To my understanding, the first patches should just improve LNT to report how reliable the results are it reports. So there is no way that this can effect the test suite runs, which means I do not see why we would want to delay such changes.

In fact, if we have a good idea which kernels are reliable and which ones are not, we can probably use this information to actually mark benchmarks that are known to be noisy.

I want to have a separate benchmark bot on the subset that makes sense
to work as benchmark, but I don't want the noise of the rest.

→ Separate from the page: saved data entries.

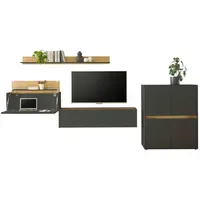 Furn.design Wohnwand grau Wotan Eiche Wohnzimmer Schrankwand Home Office Center
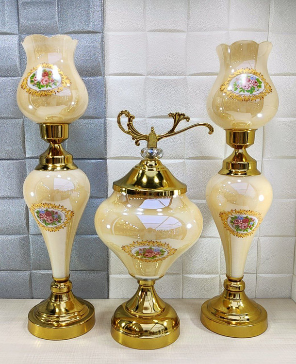 ست شمعدان/بانکه فلزی مدل گلدار رنگ طلایی کد9019
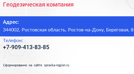 Геодезическая компания по адресу 344002, Ростовская область, Ростов-на-Дону, Береговая, 8 в дальнейшем Организация, размещена в следующих категориях:

Right. There are two steps to get here:

1) Measure and show if a benchmark result is reliable

2) Avoid running the know to be noisy/unreliable benchmarks

1. Get 5-10 samples per run
2. Do the Wilcoxon/Mann-Whitney test

5-10 samples on an ARM board is not feasible. Currently it takes 1
hour to run the whole set. Making it run for 5-10 hours will reduce
its value to zero.

Reporting numbers that are not 100% reliable makes the results useless as well. As ARM boards are cheap, you could just put 5 boxes in place and we get the samples we need. Even if this is not yet feasible, I would rather run 5 samples of the benchmarks you really care, then running everything once and getting unreliable number.

I am a little sceptical on this. Machines should generally not be noisy.

Let me rephrase. "Machines on which you would like to run benchmarks should have a consistent and low enough level of noise"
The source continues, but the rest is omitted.